On the other hand, this same global context has encouraged the appearance and expansion of “fascist revolts” that are multiplying everywhere, destroying, breaking and attacking everything and everyone that they consider “accomplices of the system”, including national states. , which lost their effectiveness within the neoliberal economic order that prevailed in the last 50 years.[1].

And it is here that the attacks against the palaces of the three powers in Brasilia, on January 8, 2023, are inscribed. An explosion of fascist and paramilitary barbarism that formally recalls the attack on the Capitol, but which in the Brazilian case appeared as the last chapter of an absolutely chaotic and self-destructive government, which managed to bring together, under the same extreme right-wing military tutelage, religious fanaticism, fascist violence and a group of ultraliberal economists that looked more like “ghosts from Davos”, running after a world which is already over.

When you look at what happened at the beginning of 2023 from this perspective, in places as far away as Davos, Kiev and Brasilia, you can better understand what there is in common between the violence that is destroying Ukraine and the violence of those who destroyed the palaces of Brasilia. In different ways, they are products of the same disaster caused by an economic utopia that was trampled and destroyed by the dispute for global power between the great powers, and above all, by the permanent expansion of the military power of the United States, which was – paradoxically – the great ones”. inventors” and major beneficiaries of the neoliberal globalization project.

That's why, in 2023, the lights of Davos went out without leaving a single glow and its celebrities left and disappeared from the Magic Mountain, in silence and heads down. The party is over, and the “Man from Davos” (1973-2023) died, in the trenches of Ukraine, on the barricades of Brasília and in so many other places in the world where economic inequality, social fractures, geopolitical divisions and violence are advancing. fascism provoked, ultimately, by blind belief in self-regulated and global markets. But be careful, because if the “Man from Davos” is dead, the disaster he left behind him must torment the world for a long time to come.

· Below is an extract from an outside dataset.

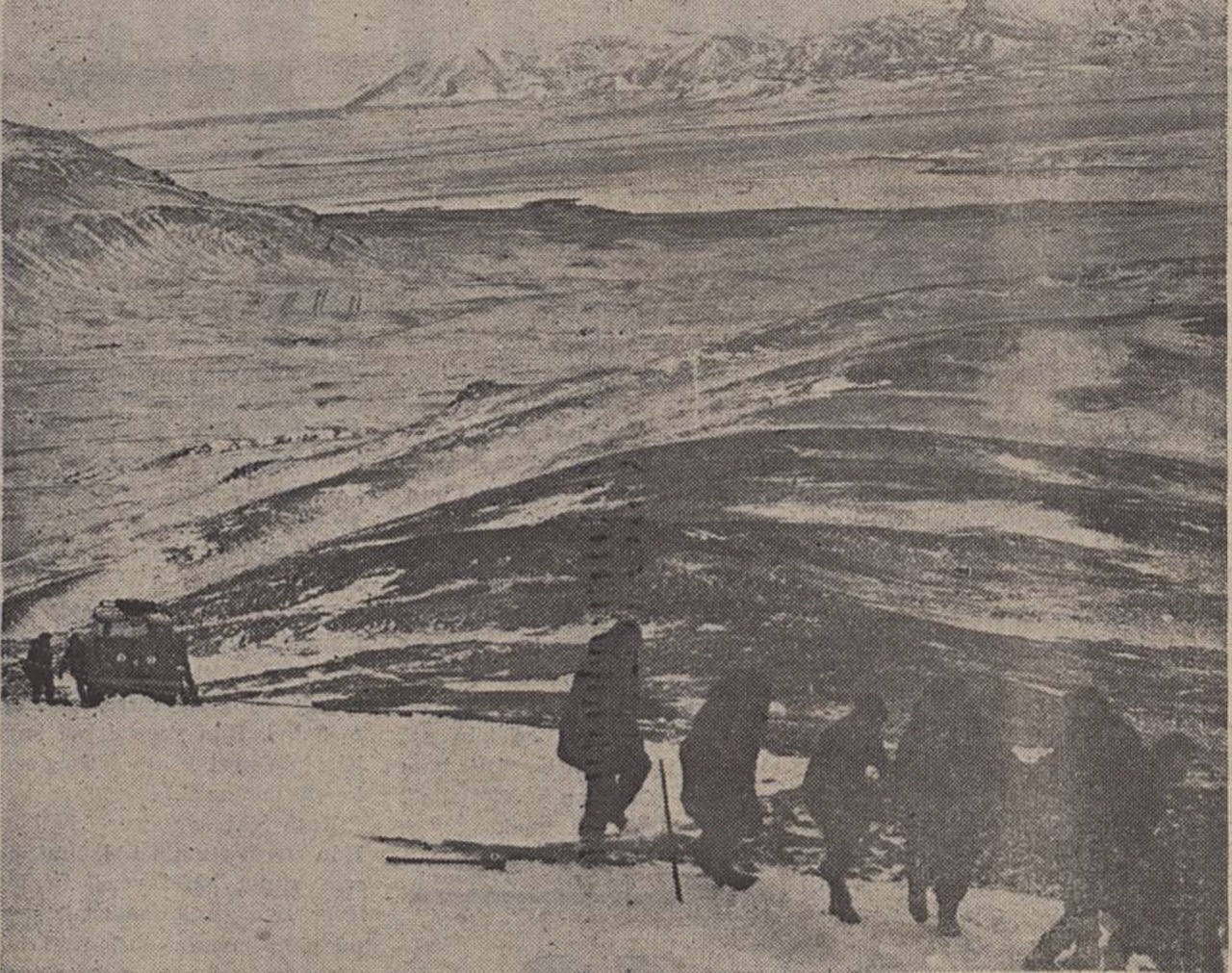 Myndin sem birtist með fréttinni í Alþýðublaðinu. Þarna má sjá Land Roverinn sem Níels Hauksson ók þennan merka sunnudag í janúarmánuði 1965.

*Jose Luis Fiori Professor Emeritus at UFRJ. Author, among other books, of Global power and the new geopolitics of nations (Boitempo).

Note


[1] A tendency that could be perceived a long time ago, in the 1990s, at the peak moment and great apparent success of the globalization project, as can be read in a text of ours from 1994: “What has been asserting itself as a consequence of the project of liberal globalization and as an effect of the hollowing out of social democracy, is, on the one hand, barbarism, and on the other, various forms of a fascist nationalism that Charles Mayer called “territorial populism” referring to Berlusconi, in Italy…” (José Luís Fiori, “Words and things” Caderno Mais, Folha de S. Paul, August 14, 1994).